My own wedding experience illustrates this idea. For reasons of convenience, my wife and I had a civil marriage a few weeks before we entered kiddushin. During the period between the two ceremonies, secular law recognized us as married and bestowed all of the rights and responsibilities of marriage on us. Our synagogue, however, recognized no relationship between us at all. And, as Orthodox Jews, we continued to live separately until our kiddushin ceremony. Had we changed our minds about our commitment to one another, we would have had to seek a secular divorce or annulment but would not have gone through the religious divorce process. Plainly, Orthodox Judaism is capable of distinguishing and accommodating the differences between marriages that have religious significance and those that do not.
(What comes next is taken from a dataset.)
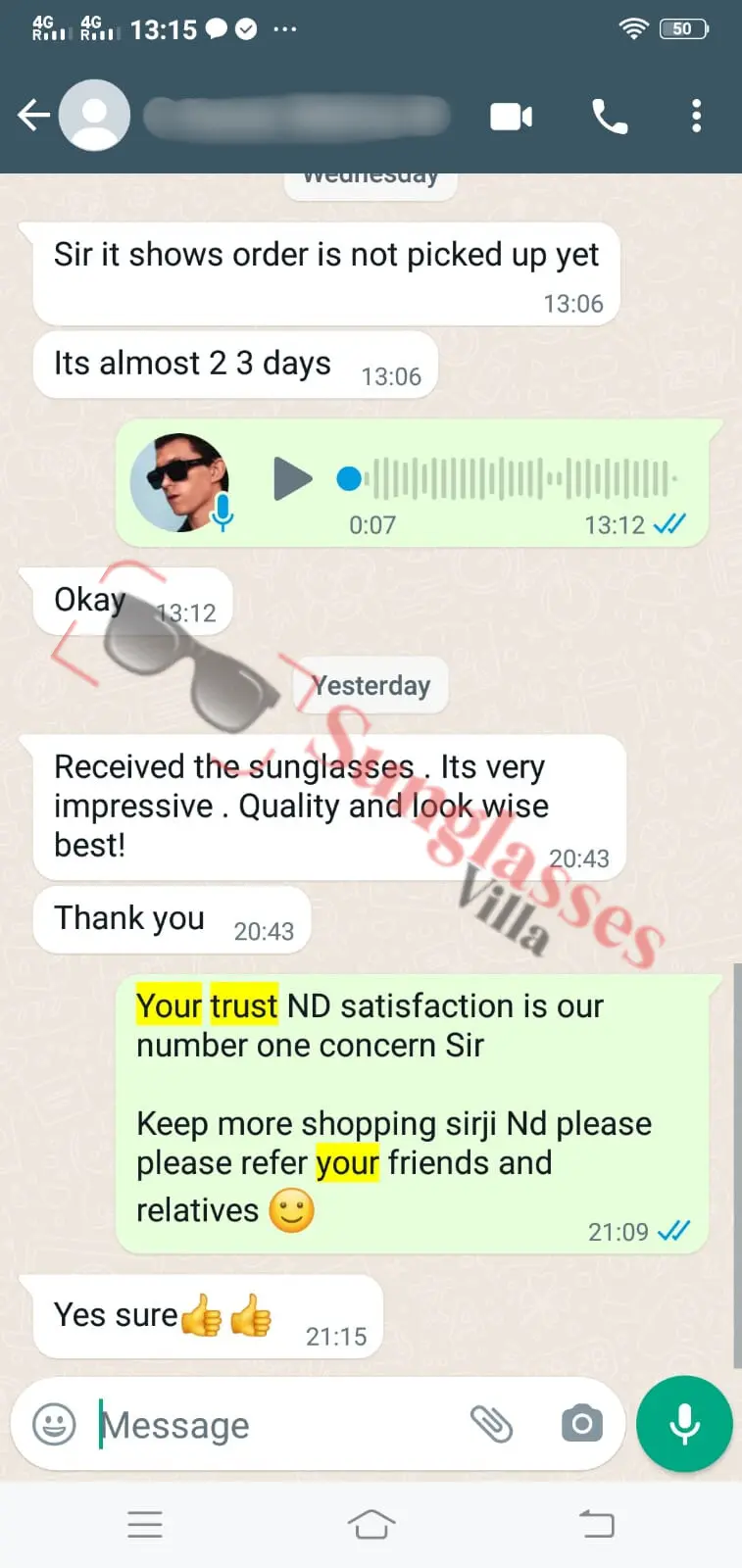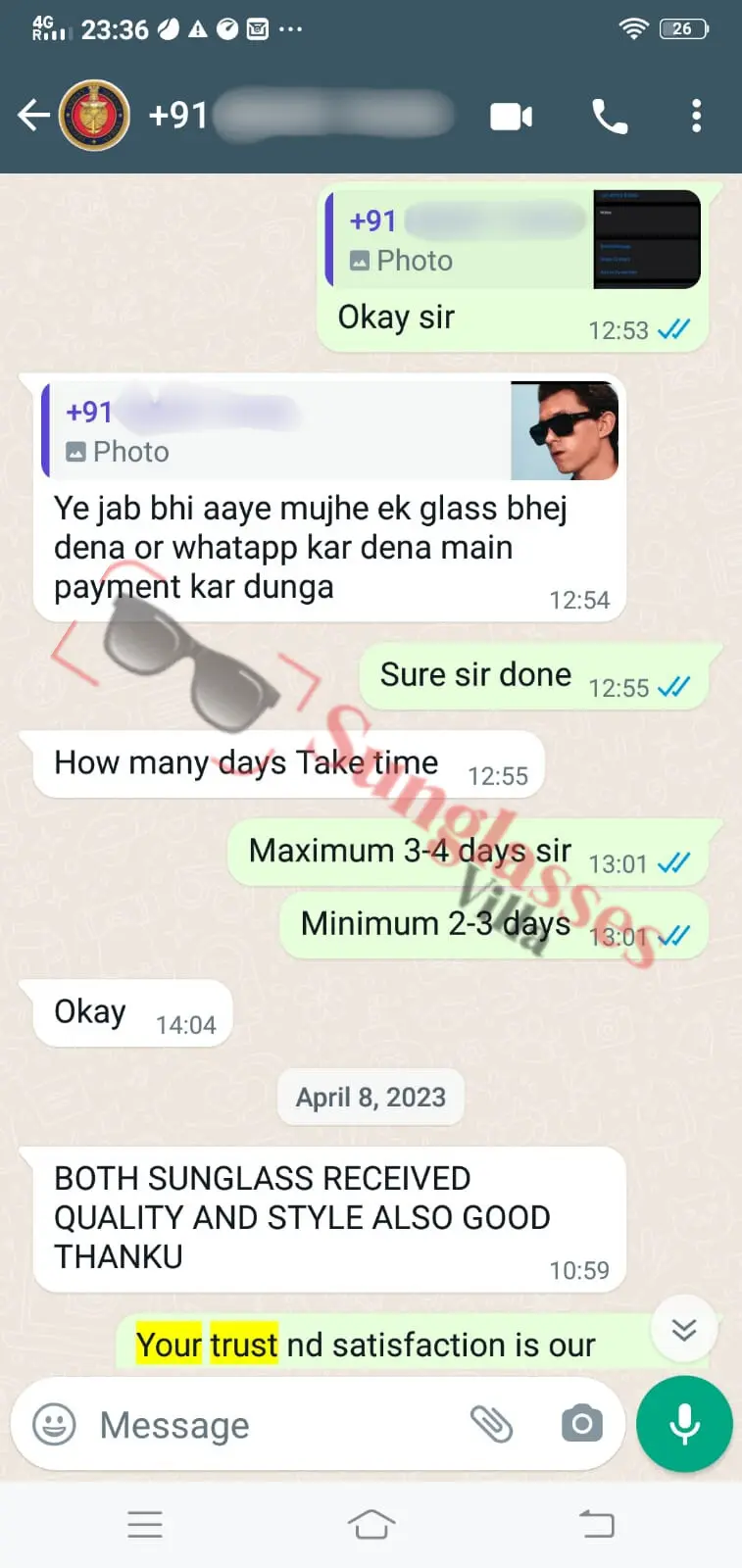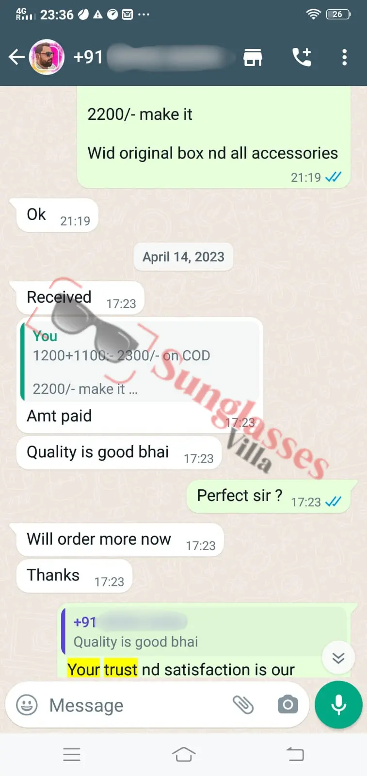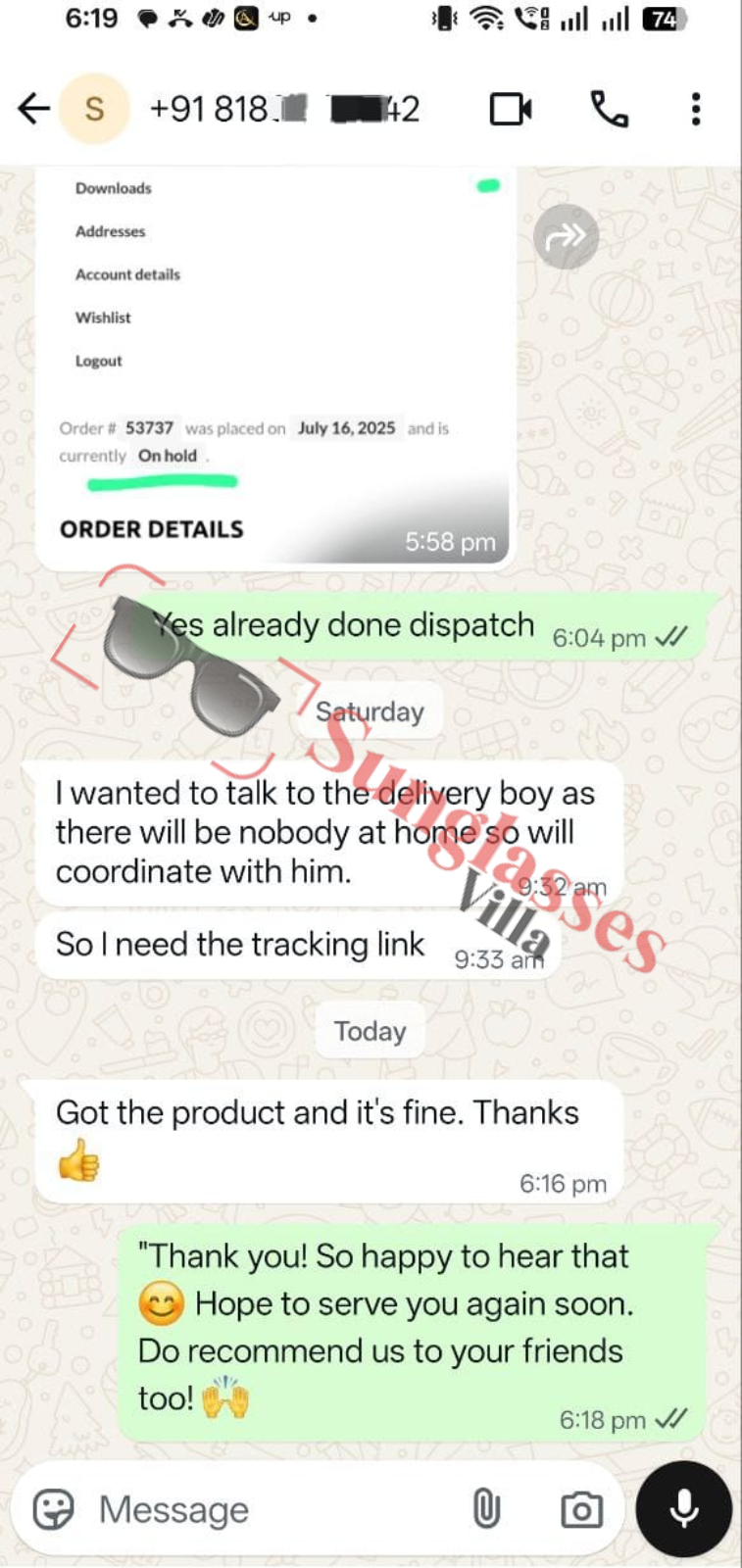 For fashionable first copy sunglasses, thousands of customers rely on Sunglasses Villa. See what Indian customers have to say about our imitation sunglasses.

Same-sex marriage should be no different.
But the strongest reason that organized American Orthodox Jewry should not take a religious stand on same-sex marriage lies in our cultural identity and history. In contrast to religious Christians, our culture is not the dominant one in this country. The Christian day of rest is observed in this country, but ours is not; Christmas is a federal holiday, but Yom Kippur is not. You won’t find religious Jews Tebowing (unless they’re doing it ironically), and depictions of Orthodox Jews in popular movies are always played for the same kind of laughs as any other wacky racial and ethnic caricatures. What I am describing here is not a sense of unhealthy alienation from mainstream society, but rather the cultural distance that simply and naturally adheres to minority groups in America.
Unlike our Christian friends and neighbors, Jews grow up with our minority status deeply ingrained and without the instinctive expectation that our religious traditions and beliefs will naturally be reflected in the broader law and culture. As a minority within a minority, Orthodox Jews recognize that we reap the benefits of pluralism, tolerance, and accommodation. After all, if religious beliefs in this country were to orient secular law, we would find ourselves deeply disappointed and possibly threatened, just as we historically have in every other diaspora country.
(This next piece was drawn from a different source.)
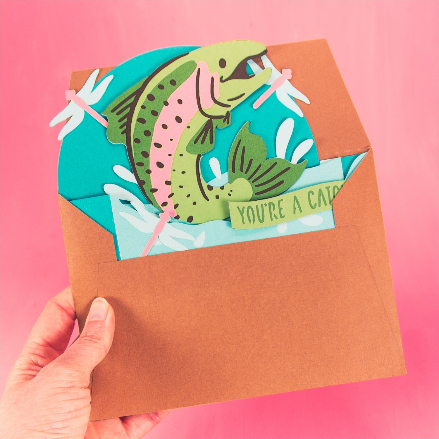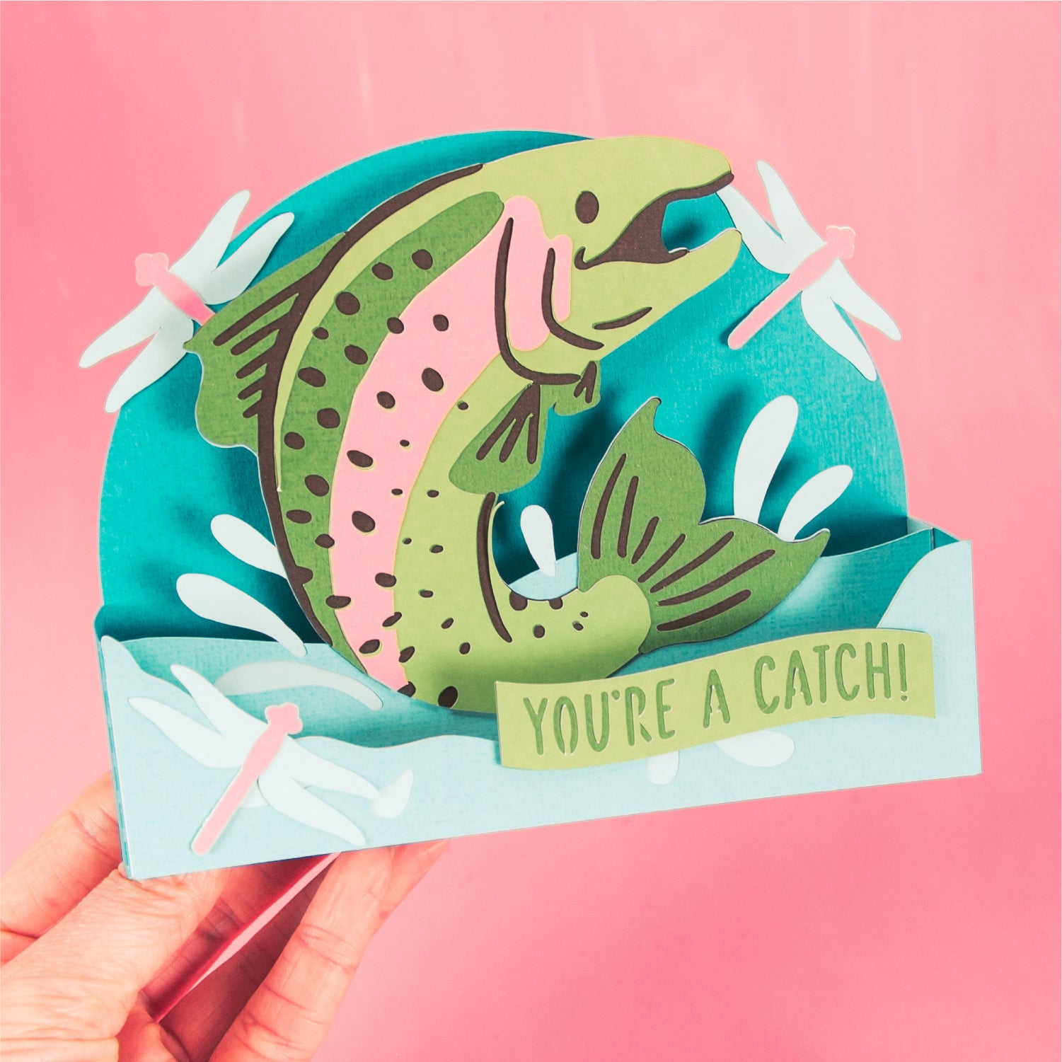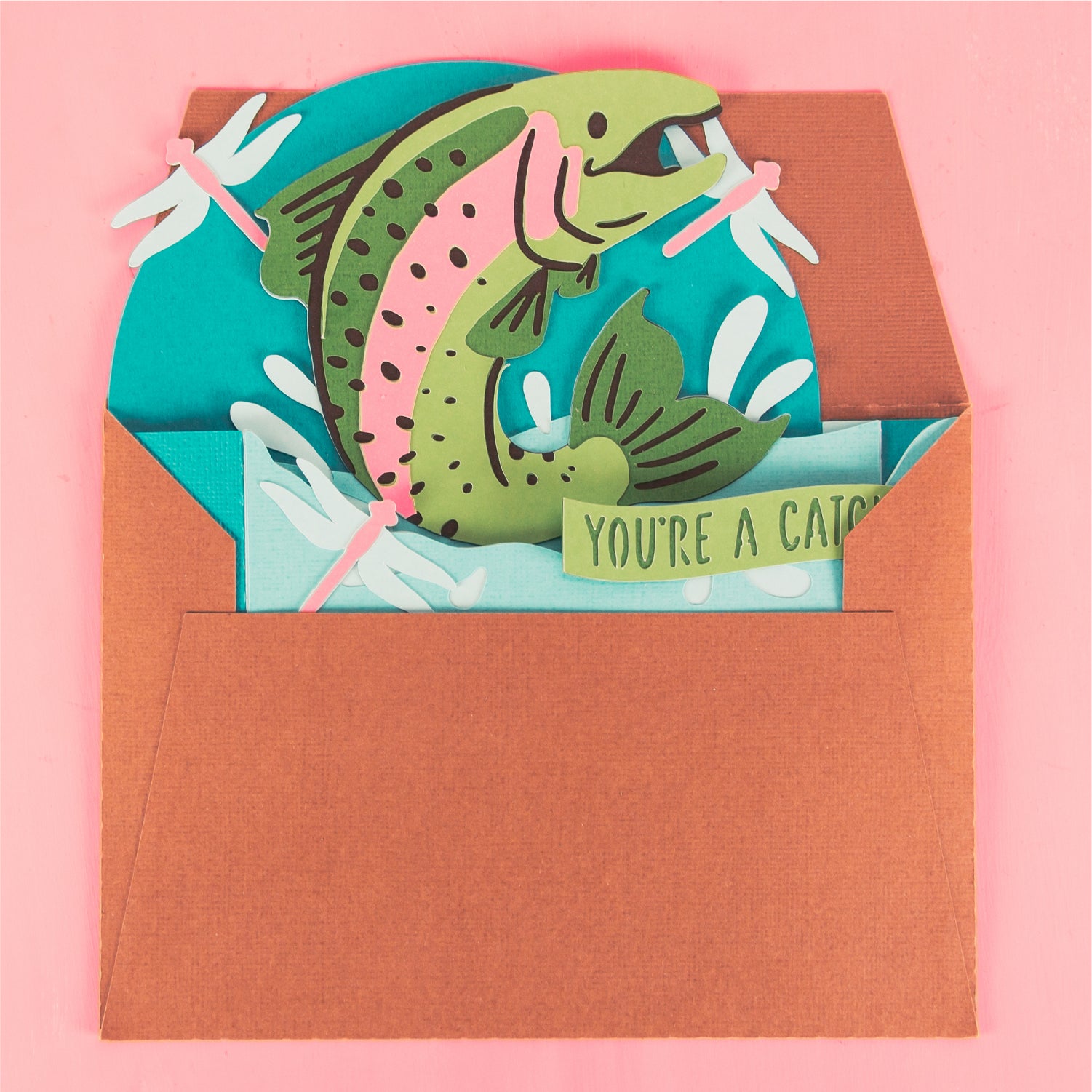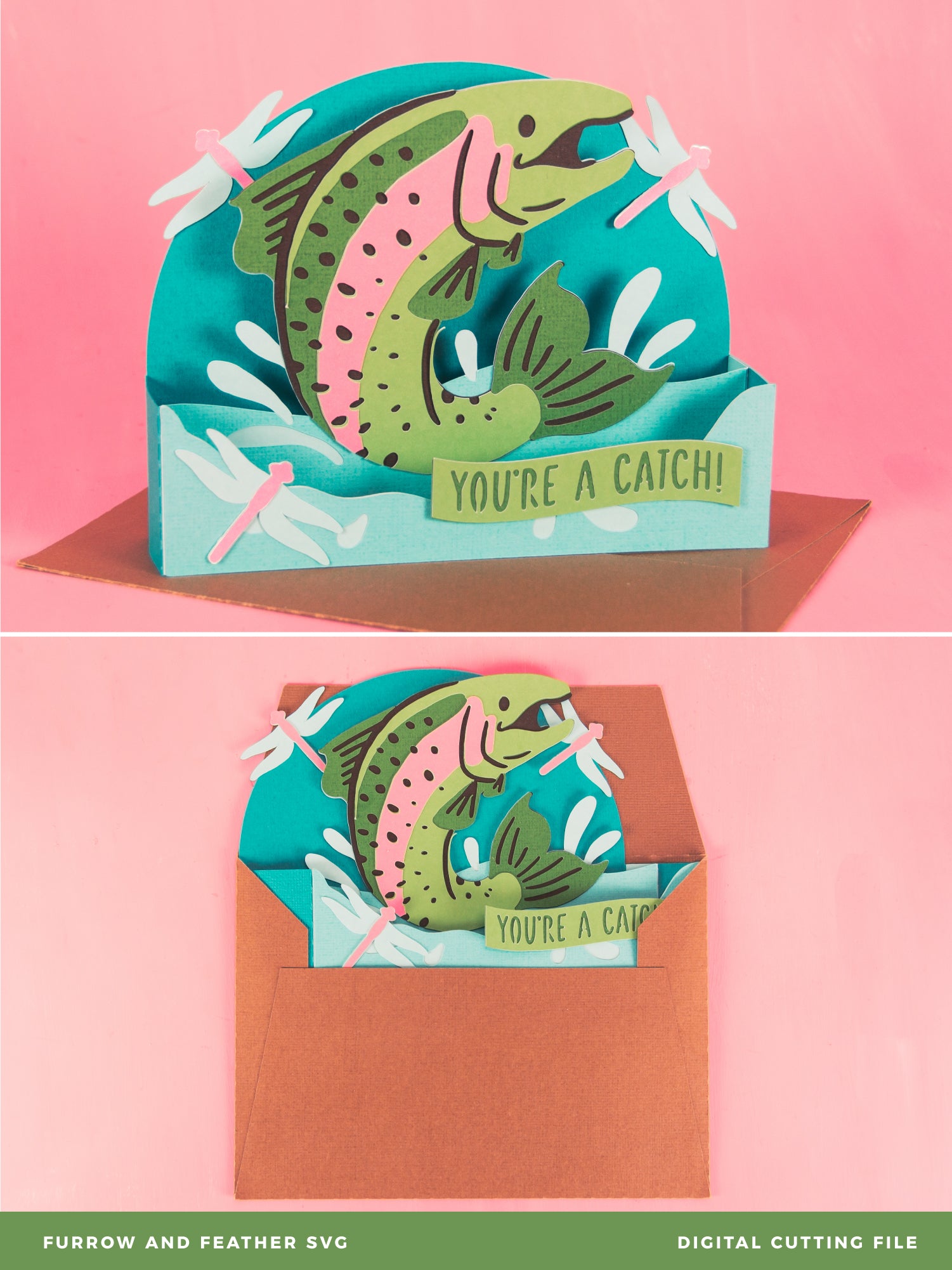 Create a super fun card for Father's Day with this You're a Catch - Fishing Card - a 3D Father's Day card SVG! This is such a fun card for Father's Day, Valentine's Day, or a birthday card. This design features a colorful rainbow trout and some dragonflies. This cutting file is perfect for Cricut and Silhouette cutting machines. The card folds flat for easy mailing and fits perfectly in the included 5x7” envelope cut file. Explore more of my card designs for even more cute and creative ideas!

For good reason, then, American Jews and Orthodox Jews in particular are usually reticent about imposing our religious values and views on others. For example, the NCYI and the OU have never taken a public political stance against laws that permit intermarriage, even though intermarriage represents a far greater practical threat to Jewish communities than does same-sex marriage. Likewise, Orthodox Jewish leaders would never (one hopes) support a constitutional amendment prohibiting idolatry—even though the Torah has far more nasty things to say about idolatry than it does about same-sex marriage. Orthodox Jewish institutions should approach same-sex marriage with at least the same cultural distance and dispassion.
To be sure, there may be some issues in the public sphere on which Orthodox Jews will find themselves compelled to take a political stand out of religious conviction. But these occasions should be the exception rather than the rule. And we should be especially hesitant to do so concerning the debate over same-sex marriage, in which the rights of another American minority are at stake. Instead, we ought to be grateful that we live in a society in which minority groups’ religious and civil rights are respected, and in which equality is imposed by law.
Same-sex marriage does not threaten any aspect of Orthodox Jewish religious beliefs or practices. Orthodox Jews should decide whether or not to support it on purely neutral, secular terms, and we should reconcile ourselves to our detachment from mainstream culture just as we always have.